Seperti yang dilaporkan Cryptopolitan pada bulan Februari, platform fintech Kolo telah mengintegrasikan TRON untuk memproses lebih dari $250 juta dalam volume transaksi, dengan sekitar 30% dieksekusi langsung di jalur TRC-20 USDT. Integrasi tunggal ini menjadi versi skala kecil dari apa yang ditunjukkan oleh angka bulan Maret di tingkat jaringan.
Asia Tenggara menggerakkan volume
Wilayah Asia Tenggara menyumbang sekitar 60% dari total volume pembayaran stablecoin global selama periode ini, dengan penerbitan kartu lokal tumbuh 83 kali lipat antara 2024 dan 2025. Kartu-kartu ini menjadi sarana akses keuangan utama bagi pengguna di daerah dengan infrastruktur perbankan yang terbatas atau mahal.
Pembedaan ini menjelaskan mengapa persaingan cashback di antara penerbit baru semakin panas.
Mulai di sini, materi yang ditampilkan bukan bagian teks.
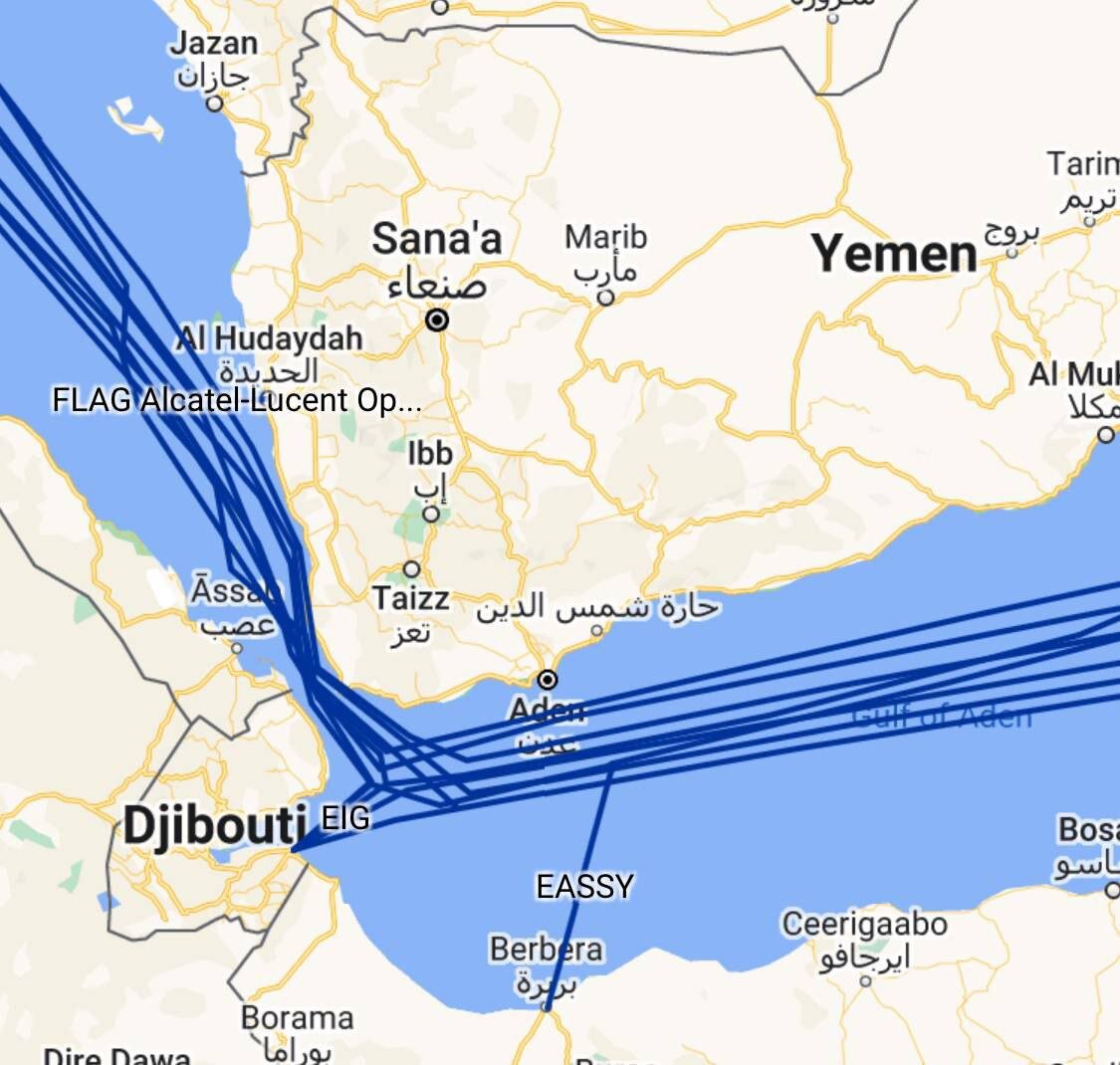 26 февраля израильская газета Globes сообщила, что четыре подводных кабеля связи были повреждены хуситами в Красном море между Джиддой в Саудовской Аравии и Джибути в Восточной Африке. Речь шла о кабелях компаний Seacom, TGN, AAE-1 и EIG.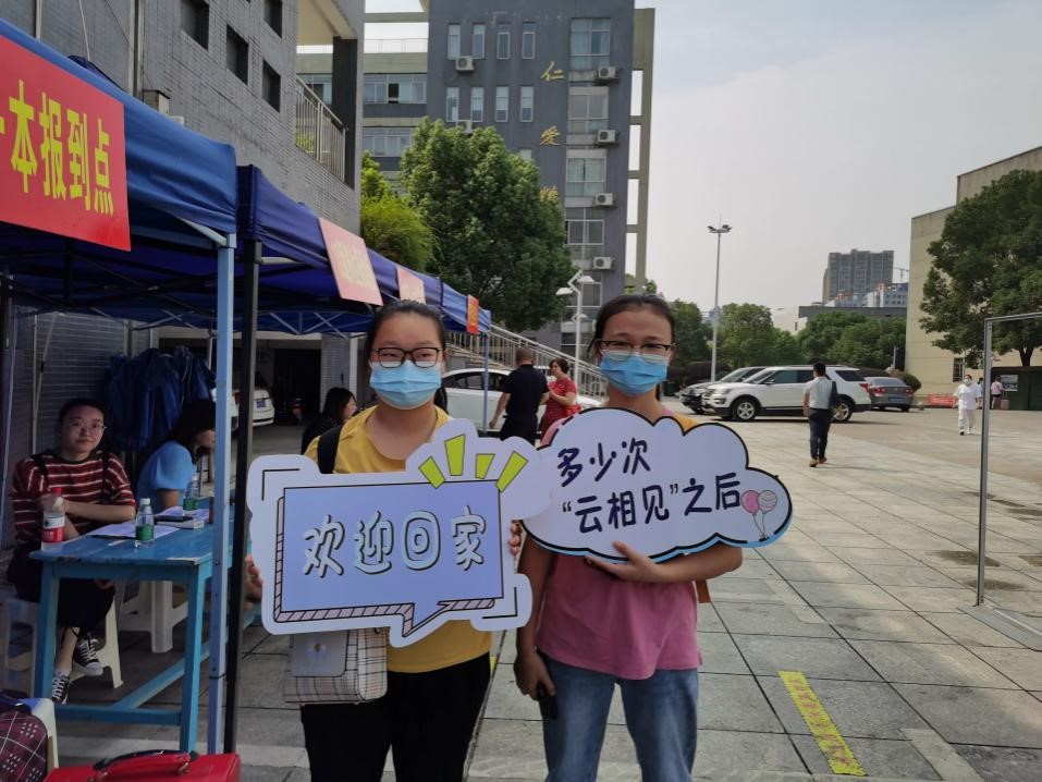 清晨,学院全体行政老师就早早来到校门口报道处迎接学生们归来。同学们佩戴口罩,根据标识牌,在工作人员的引领下,持“湖南省电子健康码”或所在地绿码有序进入校园。按照间隔线,保持安全距离,经过开学报道专用通道,通过行李消杀、体温检测、流行病调查、查验健康码、上交健康卡及相关材料等手续完成入校登记等开学报到程序,进入校园。随着同学们的陆续到校,师生之间亲切问候,交流居家学习状态与健康状况,丝毫没有许久未见的疏离。青志协自发组织学生志愿者,为开学报道的同学提供贴心报道引导、行李搬运等服务。

Kartu Visa berbasis Solana dari Jupiter Global menawarkan cashback antara 4% hingga 10% berdasarkan level dan mencatat pertumbuhan bulanan sebesar 660% pada bulan April.
KAST, Tria, dan Pengu Card yang juga berbasis Solana telah memperluas kesempatan di luar penerbit yang sudah mapan, di mana Pengu memungkinkan pengeluaran USDC dan USDT di sekitar 150 juta pedagang di seluruh dunia. USDC juga mulai bersaing dengan USDT dalam volume kartu, meskipun USDT tetap mendominasi pasokan stablecoin di dalam rantai.
Stablecoin berpindah dari likuiditas dalam rantai ke dompet konsumen
Kartu kripto berada di persimpangan struktural. Stablecoin menangani penyimpanan nilai dan transfer di level rantai. Visa mengelola konektivitas di titik penjualan. Jembatan antara keduanya telah menyempitkan penarikan dari bursa, transfer bank, dan penundaan penyelesaian menjadi satu ketukan saja.
Pengamat industri, Marty Party, memprediksi bahwa kartu stablecoin yang diterbitkan oleh Visa di Apple Pay dan Android Tap akan menarik 10 juta pengguna sebelum para pedagang mengadopsi penyelesaian stablecoin yang asli.
Stablecoin kini tidak hanya bersaing untuk likuiditas dalam rantai, tetapi juga untuk dompet konsumen.